Although information science and technology can improve public health practice in various ways, three areas represent grand challenges for public health informatics—developing coherent, integrated national public health information systems, developing closer integration of public health and clinical care, and addressing pervasive concerns about the effects of information technology on confidentiality and privacy.

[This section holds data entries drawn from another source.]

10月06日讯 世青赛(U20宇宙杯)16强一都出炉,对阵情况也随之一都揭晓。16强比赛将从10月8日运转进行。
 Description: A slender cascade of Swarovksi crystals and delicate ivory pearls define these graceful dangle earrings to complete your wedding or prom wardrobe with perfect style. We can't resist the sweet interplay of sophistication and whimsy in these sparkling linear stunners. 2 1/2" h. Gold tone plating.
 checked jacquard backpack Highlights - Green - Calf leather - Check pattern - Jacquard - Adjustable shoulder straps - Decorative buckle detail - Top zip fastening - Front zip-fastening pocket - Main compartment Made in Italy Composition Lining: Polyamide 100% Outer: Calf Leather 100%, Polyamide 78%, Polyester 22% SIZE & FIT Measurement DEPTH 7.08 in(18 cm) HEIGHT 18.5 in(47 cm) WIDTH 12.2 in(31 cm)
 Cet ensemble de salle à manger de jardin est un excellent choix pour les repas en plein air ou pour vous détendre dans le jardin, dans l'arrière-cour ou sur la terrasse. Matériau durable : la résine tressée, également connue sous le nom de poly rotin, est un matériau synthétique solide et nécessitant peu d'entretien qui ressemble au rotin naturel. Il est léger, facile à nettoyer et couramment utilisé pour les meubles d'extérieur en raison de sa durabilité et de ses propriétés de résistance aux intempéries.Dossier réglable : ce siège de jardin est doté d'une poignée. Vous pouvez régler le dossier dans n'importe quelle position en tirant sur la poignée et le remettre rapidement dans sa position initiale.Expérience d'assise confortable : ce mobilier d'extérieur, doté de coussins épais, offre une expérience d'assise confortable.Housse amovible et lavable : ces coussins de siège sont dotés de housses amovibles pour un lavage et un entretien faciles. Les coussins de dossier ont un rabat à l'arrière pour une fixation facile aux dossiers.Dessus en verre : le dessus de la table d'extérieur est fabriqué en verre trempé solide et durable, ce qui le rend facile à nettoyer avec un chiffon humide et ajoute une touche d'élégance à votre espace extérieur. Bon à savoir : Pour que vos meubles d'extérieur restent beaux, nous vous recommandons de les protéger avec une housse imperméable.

One goal of public health informatics is ensuring the capacity to assess community problems in a comprehensive manner through the development of integrated nationwide public health data systems. This will require a clear definition of public health data needs and the sources of these data, consensus on data and communication standards—to facilitate data quality, comparability, and exchange—with policies to support data sharing and mechanisms and tools for accessing and disseminating data and information in a useful manner. Because electronic reporting will increasingly form the basis for surveillance systems, developmental efforts must also address such concerns as unambiguously defining the specific medical conditions that trigger automated data transmissions, working with reporting organizations to ensure that they have appropriate software and electronic communication capabilities, and ensuring that adequate capacity exists for analysis of the increased volumes of public health data that are anticipated.

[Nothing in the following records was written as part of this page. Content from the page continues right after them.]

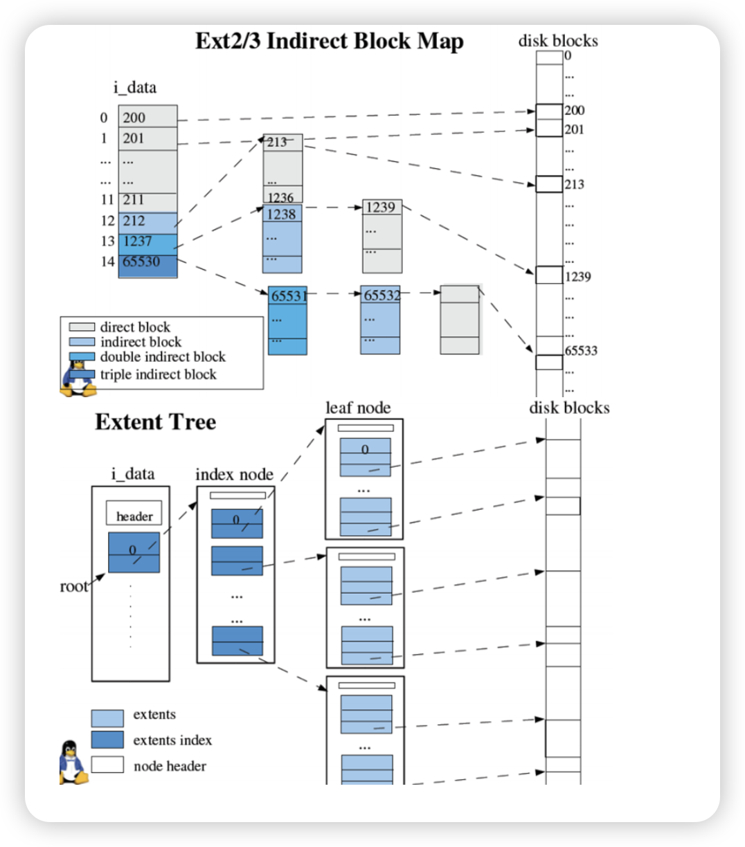 ext4는 ext3에서 migration을 지원하기에, extent 기능을 끄고 사용도 가능함. ext3에서 마이그레이션하는 경우 기존 indirect와 extent 둘 다 사용가능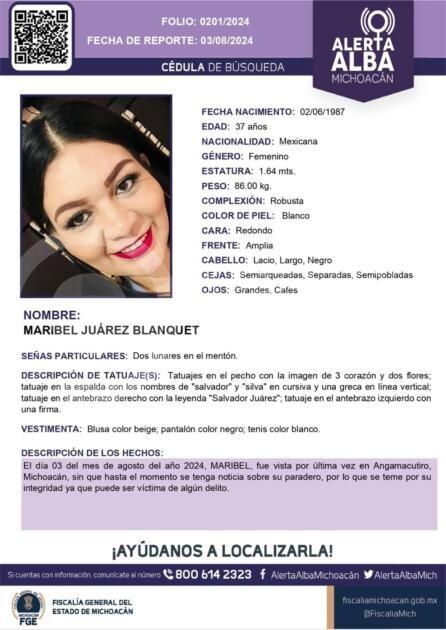 Penjamillo, Michoacán, 24 de febrero de 2025.- El 3 de agosto de 2024 se reportó la privación ilegal de la libertad de la regidora en Penjamillo Maribel Juárez Blanquet, mientras se dirigía a la ciudad de Morelia.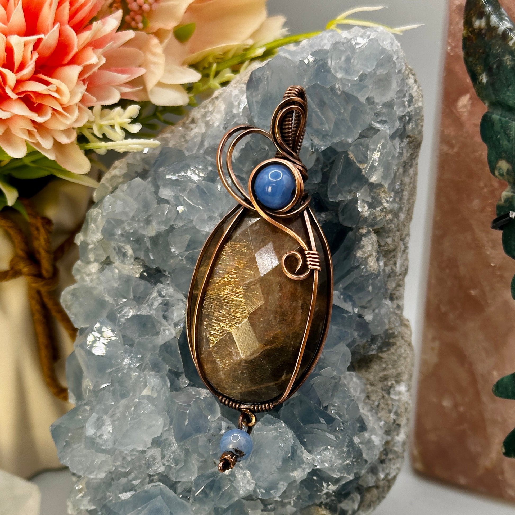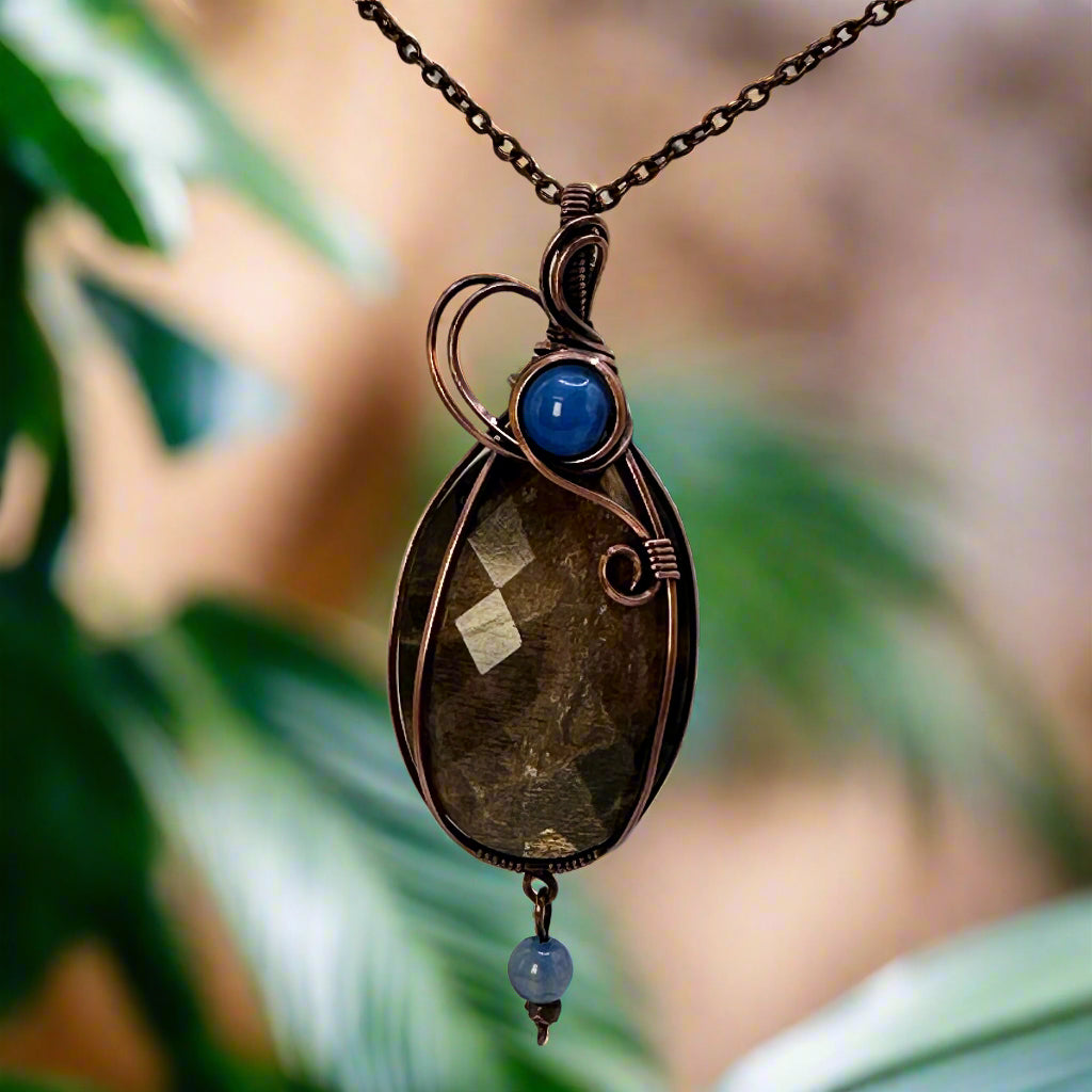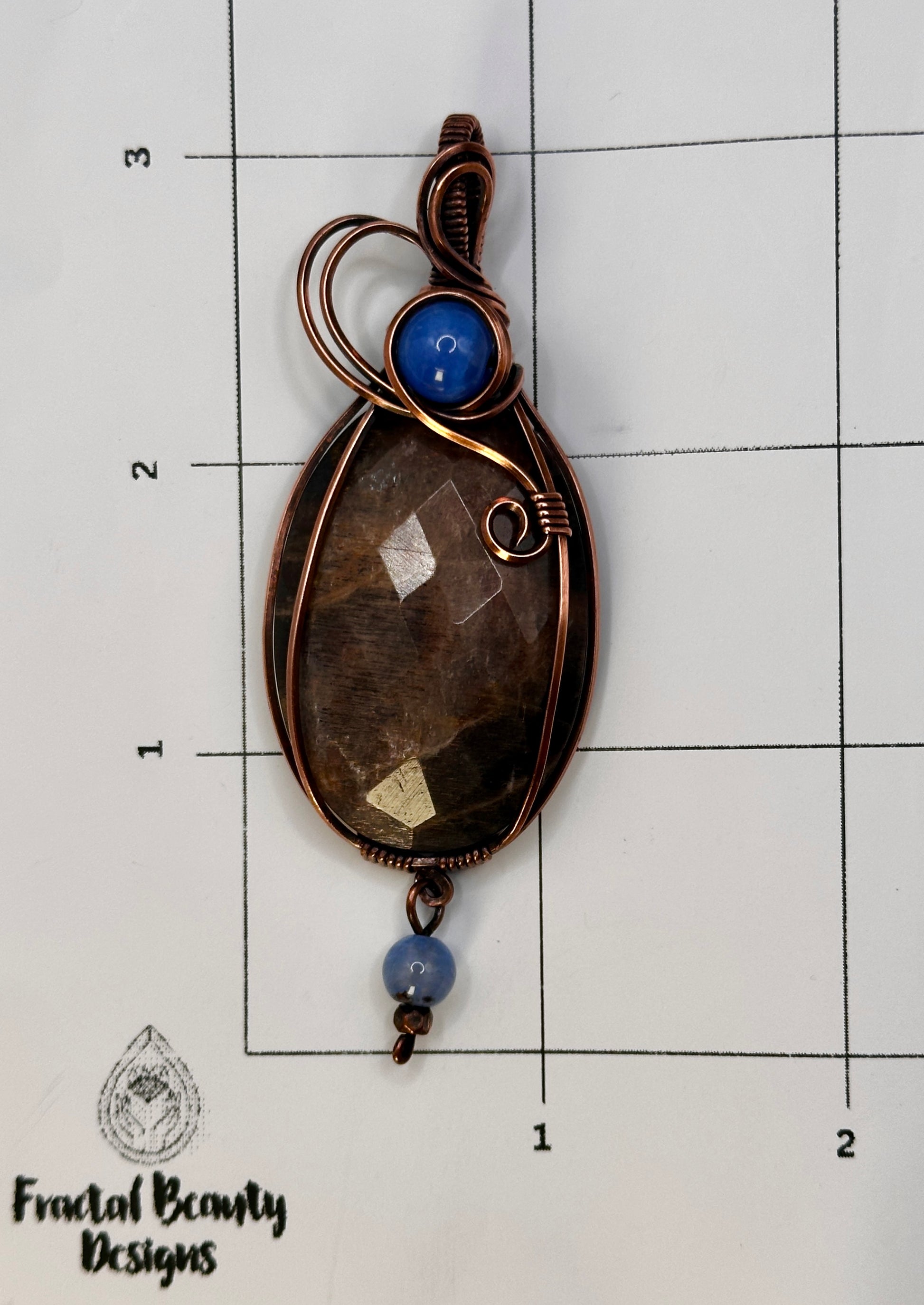 This handmade pendant features a large Rose Cut Oval shaped Black Moonstone wrapped in antiqued copper in a signature swirl design with blue lace agate bead accents!

A second challenge for public health informatics is facilitating the improved exchange of information between public health and clinical care. Much of the data in public health information systems comes from forms that are filled out by hand and later computer-coded. Even where reporting is electronic, initial data entry is typically manual. This results in serious under-reporting of many reportable diseases and conditions.49–52

Data should flow automatically to public health from clinical and laboratory information systems. When these data are appropriately compiled by public health information systems, they should allow rapid and accurate assessments and disease control responses, as well as the formulation of improved clinical guidelines and interventions. Conversely, automated presentation to clinicians of prevention guidelines has been shown to improve clinical care, and there are other ways in which the skills and activities of the public health community (e.g., community outreach) could benefit clinical care. Electronic information sharing and data exchange provide the means by which we can better integrate public health and clinical care activities, but creativity and hard work are needed to take full advantage of these opportunities.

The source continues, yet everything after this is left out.